TASK TO COMPLETE: Would you retype exactly the lines below, starting with the one that has "On the desk" and going on through the one that has "Так, 29 листопада, о", with no pictures and nothing else?

(EXTRACTED RECORDS Opens)

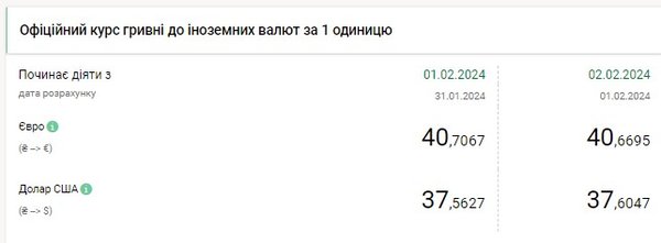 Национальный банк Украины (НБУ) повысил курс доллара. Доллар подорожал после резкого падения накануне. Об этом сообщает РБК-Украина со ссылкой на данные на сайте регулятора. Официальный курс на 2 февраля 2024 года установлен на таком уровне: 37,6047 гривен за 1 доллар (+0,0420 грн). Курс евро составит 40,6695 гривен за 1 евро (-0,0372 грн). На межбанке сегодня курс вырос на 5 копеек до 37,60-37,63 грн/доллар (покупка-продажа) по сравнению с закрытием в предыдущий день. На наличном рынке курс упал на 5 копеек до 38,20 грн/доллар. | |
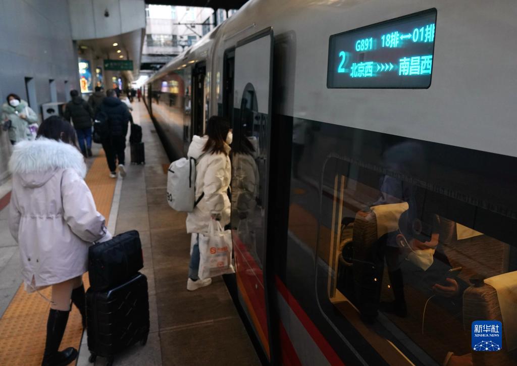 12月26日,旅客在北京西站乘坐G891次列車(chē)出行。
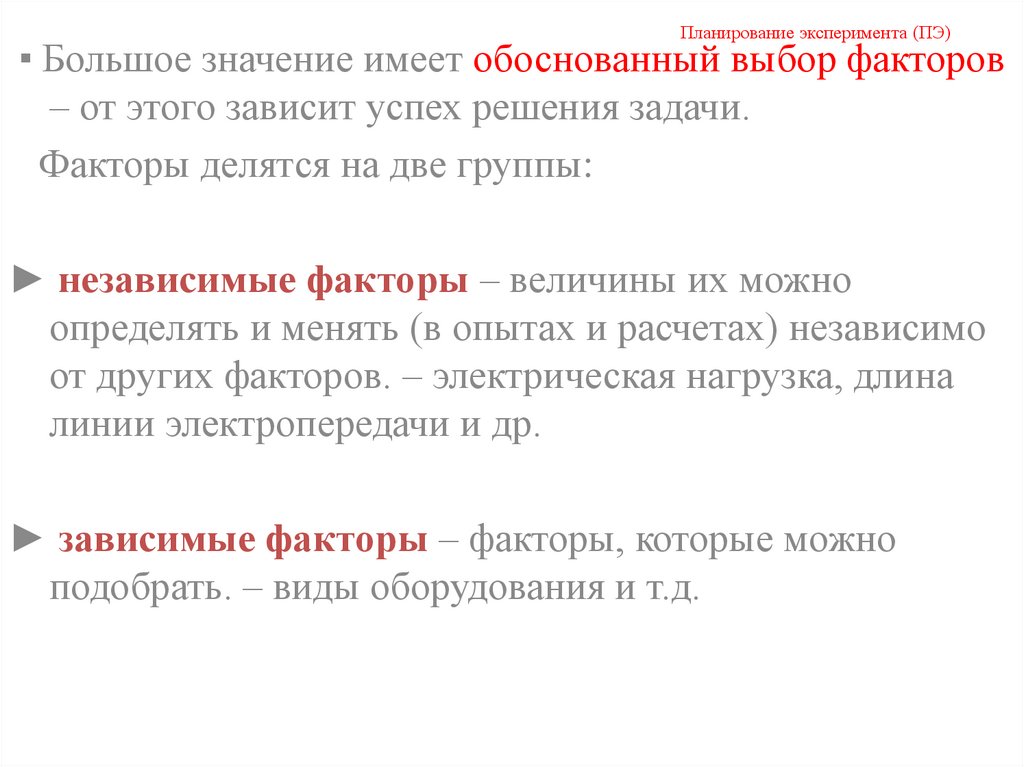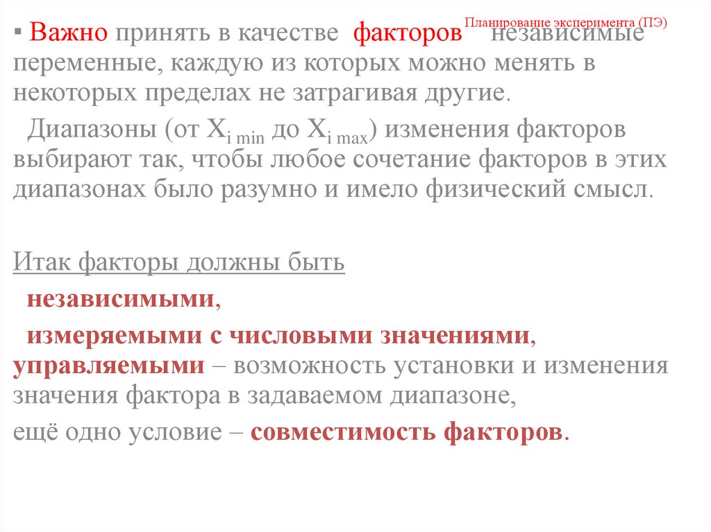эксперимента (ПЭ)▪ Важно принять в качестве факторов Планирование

(EXTRACTED RECORDS Closes)
(EXTRACTED RECORDS Opens)

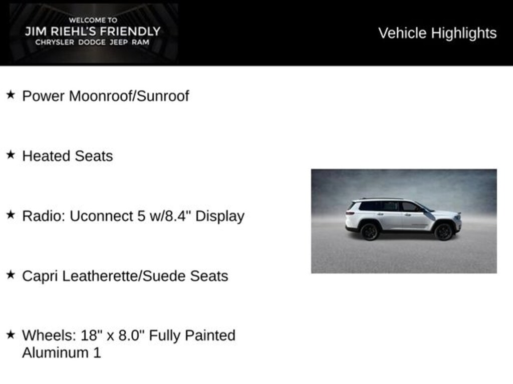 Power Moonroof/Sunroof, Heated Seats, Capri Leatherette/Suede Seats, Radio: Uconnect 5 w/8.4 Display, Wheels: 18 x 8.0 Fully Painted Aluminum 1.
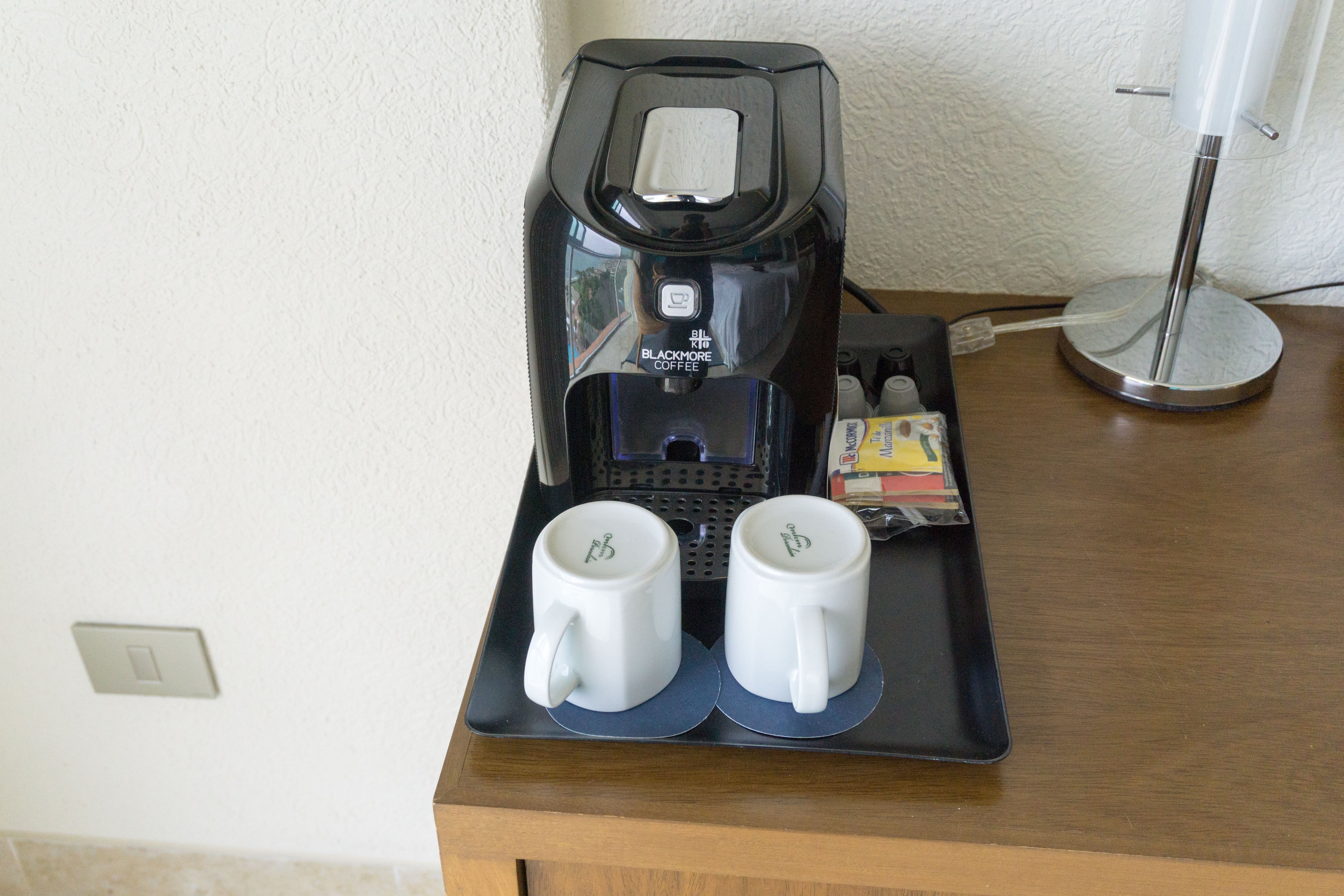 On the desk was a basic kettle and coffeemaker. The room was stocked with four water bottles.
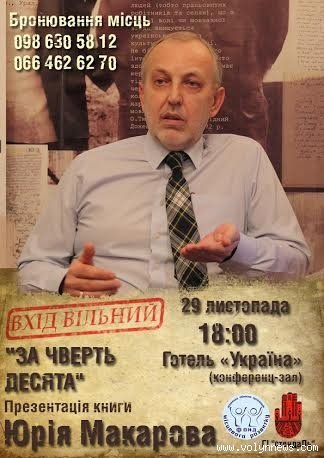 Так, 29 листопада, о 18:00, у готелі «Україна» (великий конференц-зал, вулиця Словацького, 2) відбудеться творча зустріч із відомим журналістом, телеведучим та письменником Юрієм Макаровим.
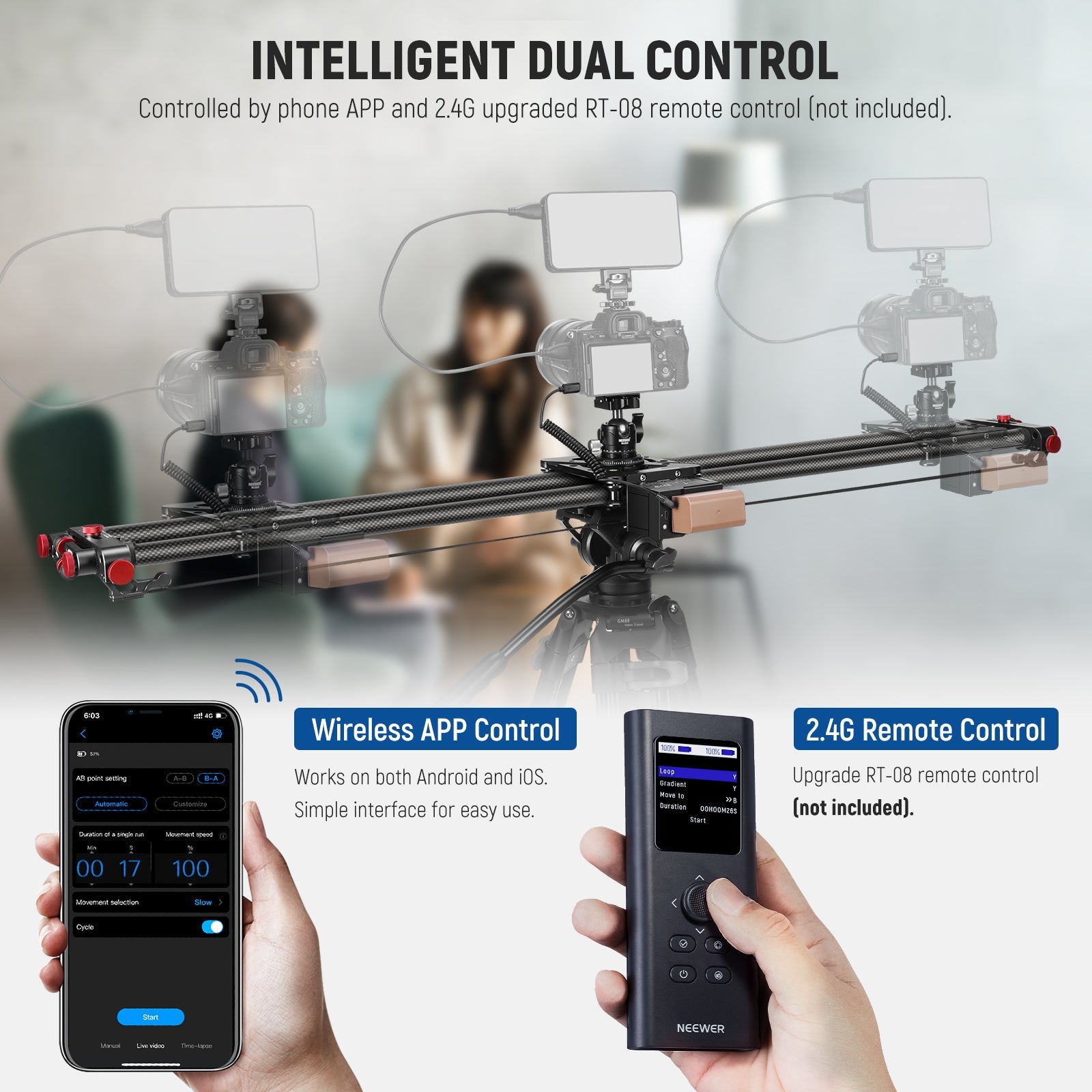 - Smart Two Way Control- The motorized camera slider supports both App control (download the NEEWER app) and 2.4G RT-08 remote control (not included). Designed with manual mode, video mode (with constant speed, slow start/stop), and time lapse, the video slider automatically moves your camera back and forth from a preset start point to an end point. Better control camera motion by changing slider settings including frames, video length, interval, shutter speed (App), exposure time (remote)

(EXTRACTED RECORDS Closes)
(EXTRACTED RECORDS Opens)

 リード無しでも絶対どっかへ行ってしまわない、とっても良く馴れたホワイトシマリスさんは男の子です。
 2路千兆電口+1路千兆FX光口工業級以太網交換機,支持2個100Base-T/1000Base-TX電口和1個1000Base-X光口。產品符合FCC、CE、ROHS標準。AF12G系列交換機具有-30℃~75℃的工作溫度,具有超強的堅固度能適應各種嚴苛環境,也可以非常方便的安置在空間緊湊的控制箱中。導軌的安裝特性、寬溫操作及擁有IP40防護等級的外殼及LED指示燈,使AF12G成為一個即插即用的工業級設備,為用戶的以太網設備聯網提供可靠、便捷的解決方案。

(EXTRACTED RECORDS Closes)

EXERCISE OUTPUT:
 On the desk was a basic kettle and coffeemaker. The room was stocked with four water bottles.
 Так, 29 листопада, о 18:00, у готелі «Україна» (великий конференц-зал, вулиця Словацького, 2) відбудеться творча зустріч із відомим журналістом, телеведучим та письменником Юрієм Макаровим.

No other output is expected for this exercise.